### Provided information
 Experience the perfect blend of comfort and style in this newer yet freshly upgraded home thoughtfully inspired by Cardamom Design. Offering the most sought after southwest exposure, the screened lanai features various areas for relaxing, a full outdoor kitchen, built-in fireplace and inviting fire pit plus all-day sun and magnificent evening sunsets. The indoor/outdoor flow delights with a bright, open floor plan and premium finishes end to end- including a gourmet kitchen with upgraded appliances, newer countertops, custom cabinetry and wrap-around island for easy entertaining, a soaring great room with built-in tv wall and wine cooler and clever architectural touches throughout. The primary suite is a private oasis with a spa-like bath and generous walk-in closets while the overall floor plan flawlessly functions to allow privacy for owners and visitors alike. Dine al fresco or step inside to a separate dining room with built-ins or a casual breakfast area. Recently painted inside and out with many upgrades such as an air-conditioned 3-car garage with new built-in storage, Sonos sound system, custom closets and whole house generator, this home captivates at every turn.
######
### Provided information
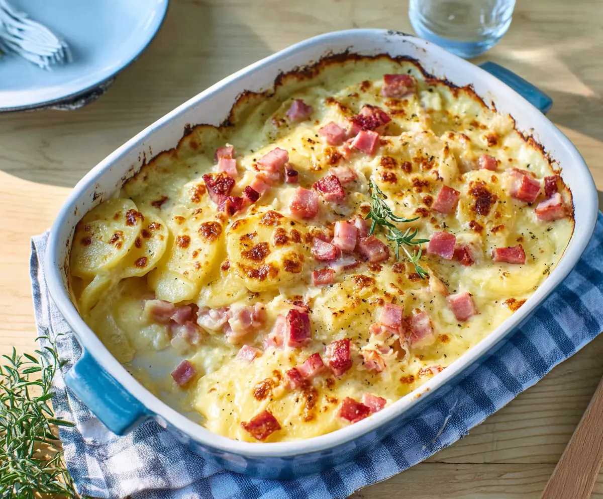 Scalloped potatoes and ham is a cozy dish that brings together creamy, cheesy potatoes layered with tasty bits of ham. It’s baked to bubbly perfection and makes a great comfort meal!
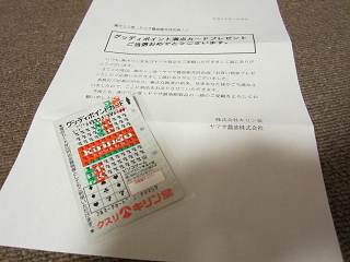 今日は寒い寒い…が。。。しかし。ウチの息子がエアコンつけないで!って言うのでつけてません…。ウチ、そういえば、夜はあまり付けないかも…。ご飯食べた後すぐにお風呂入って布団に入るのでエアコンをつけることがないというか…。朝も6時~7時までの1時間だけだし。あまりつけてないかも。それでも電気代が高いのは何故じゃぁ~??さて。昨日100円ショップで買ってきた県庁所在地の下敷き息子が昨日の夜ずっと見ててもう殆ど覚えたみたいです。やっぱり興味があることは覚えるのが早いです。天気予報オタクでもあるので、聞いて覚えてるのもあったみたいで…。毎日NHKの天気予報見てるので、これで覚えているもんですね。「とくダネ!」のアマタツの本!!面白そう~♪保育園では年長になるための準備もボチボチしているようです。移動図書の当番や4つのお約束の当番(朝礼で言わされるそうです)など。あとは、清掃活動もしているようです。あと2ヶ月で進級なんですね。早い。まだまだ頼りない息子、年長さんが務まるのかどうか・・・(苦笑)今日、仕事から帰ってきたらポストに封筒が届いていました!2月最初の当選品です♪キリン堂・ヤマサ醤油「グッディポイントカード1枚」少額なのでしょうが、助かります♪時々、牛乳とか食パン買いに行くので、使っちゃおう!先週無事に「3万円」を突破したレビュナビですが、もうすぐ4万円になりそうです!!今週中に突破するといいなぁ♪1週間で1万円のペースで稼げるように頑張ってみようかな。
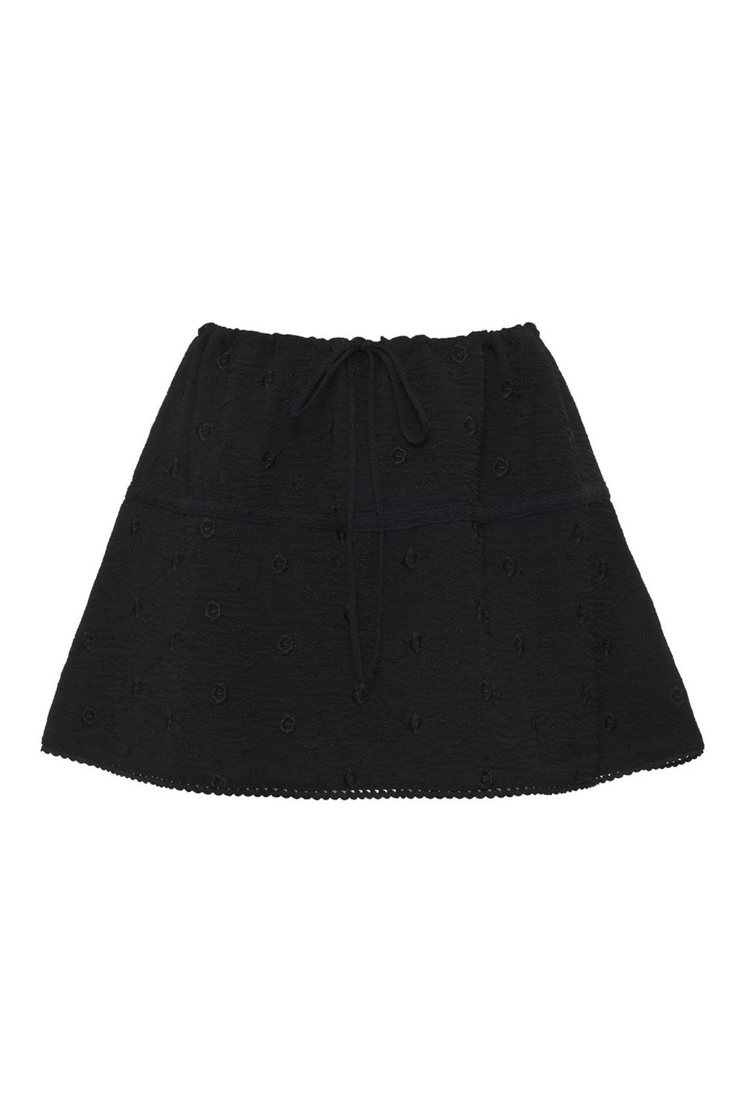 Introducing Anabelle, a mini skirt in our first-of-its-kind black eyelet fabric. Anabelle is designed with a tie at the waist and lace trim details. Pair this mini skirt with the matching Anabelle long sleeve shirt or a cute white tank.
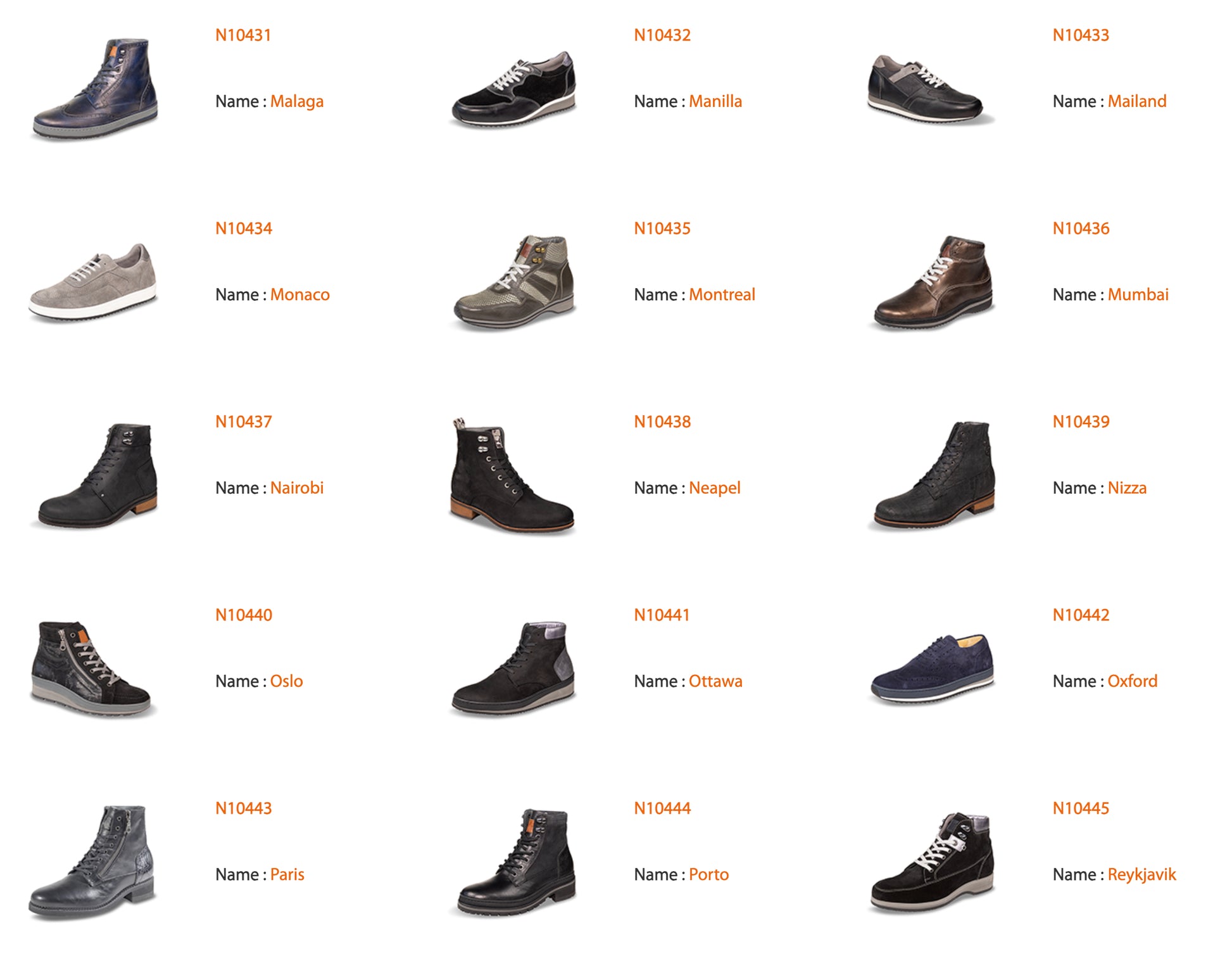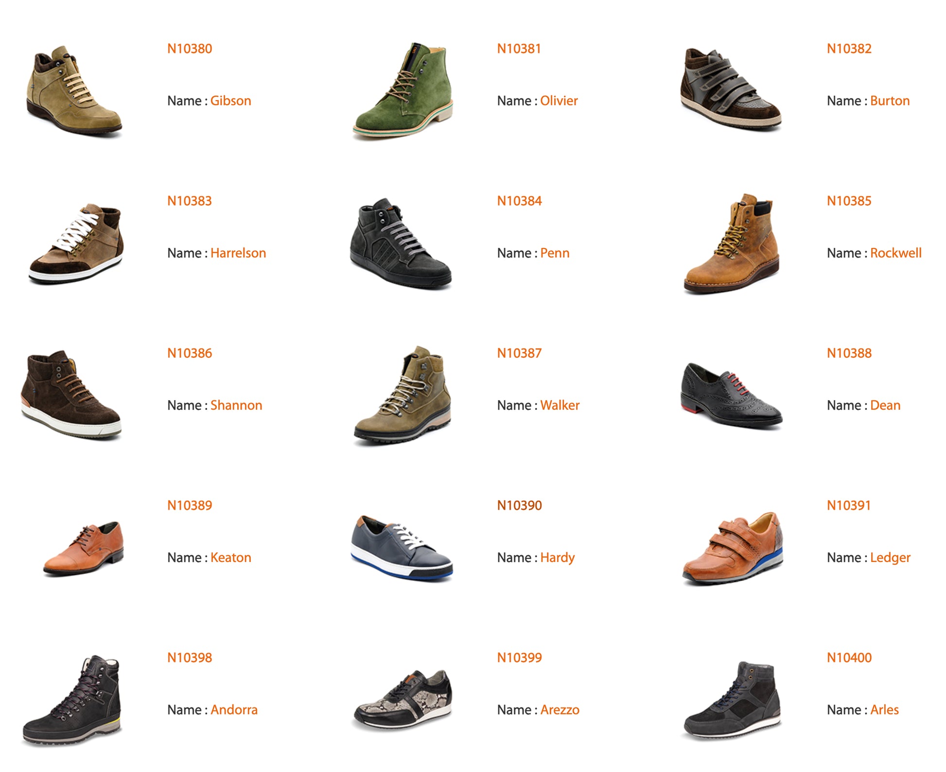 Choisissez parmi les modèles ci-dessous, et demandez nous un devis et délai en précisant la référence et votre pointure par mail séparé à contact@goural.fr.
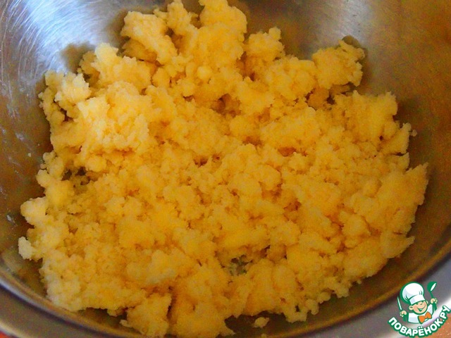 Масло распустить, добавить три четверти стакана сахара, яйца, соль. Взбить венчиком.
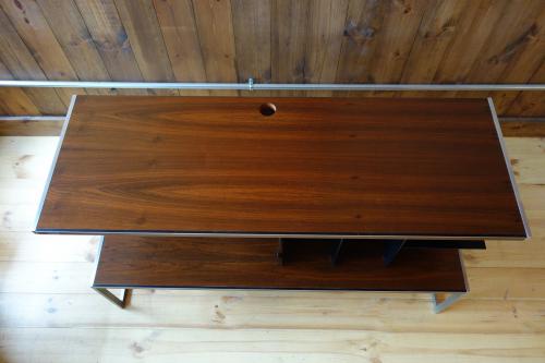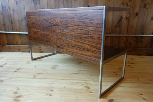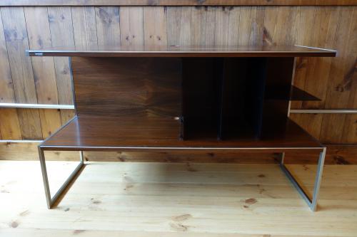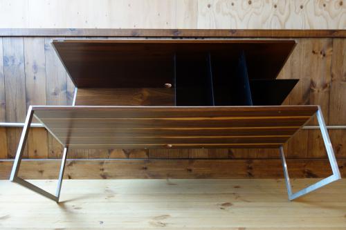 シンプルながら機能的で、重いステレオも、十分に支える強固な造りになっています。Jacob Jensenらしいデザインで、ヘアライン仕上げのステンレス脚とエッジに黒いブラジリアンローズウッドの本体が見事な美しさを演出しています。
######
Only one stretch of the listing above is to be duplicated: the lines from the one containing "今日は寒い寒い…が。。。しか" through the one containing "シンプルながら機能的で、重い", both included. Copy them exactly, minus the pictures.

▸ **Result of this exercise**:
 今日は寒い寒い…が。。。しかし。ウチの息子がエアコンつけないで!って言うのでつけてません…。ウチ、そういえば、夜はあまり付けないかも…。ご飯食べた後すぐにお風呂入って布団に入るのでエアコンをつけることがないというか…。朝も6時~7時までの1時間だけだし。あまりつけてないかも。それでも電気代が高いのは何故じゃぁ~??さて。昨日100円ショップで買ってきた県庁所在地の下敷き息子が昨日の夜ずっと見ててもう殆ど覚えたみたいです。やっぱり興味があることは覚えるのが早いです。天気予報オタクでもあるので、聞いて覚えてるのもあったみたいで…。毎日NHKの天気予報見てるので、これで覚えているもんですね。「とくダネ!」のアマタツの本!!面白そう~♪保育園では年長になるための準備もボチボチしているようです。移動図書の当番や4つのお約束の当番(朝礼で言わされるそうです)など。あとは、清掃活動もしているようです。あと2ヶ月で進級なんですね。早い。まだまだ頼りない息子、年長さんが務まるのかどうか・・・(苦笑)今日、仕事から帰ってきたらポストに封筒が届いていました!2月最初の当選品です♪キリン堂・ヤマサ醤油「グッディポイントカード1枚」少額なのでしょうが、助かります♪時々、牛乳とか食パン買いに行くので、使っちゃおう!先週無事に「3万円」を突破したレビュナビですが、もうすぐ4万円になりそうです!!今週中に突破するといいなぁ♪1週間で1万円のペースで稼げるように頑張ってみようかな。
 Introducing Anabelle, a mini skirt in our first-of-its-kind black eyelet fabric. Anabelle is designed with a tie at the waist and lace trim details. Pair this mini skirt with the matching Anabelle long sleeve shirt or a cute white tank.
 Choisissez parmi les modèles ci-dessous, et demandez nous un devis et délai en précisant la référence et votre pointure par mail séparé à contact@goural.fr.
 Масло распустить, добавить три четверти стакана сахара, яйца, соль. Взбить венчиком.
 シンプルながら機能的で、重いステレオも、十分に支える強固な造りになっています。Jacob Jensenらしいデザインで、ヘアライン仕上げのステンレス脚とエッジに黒いブラジリアンローズウッドの本体が見事な美しさを演出しています。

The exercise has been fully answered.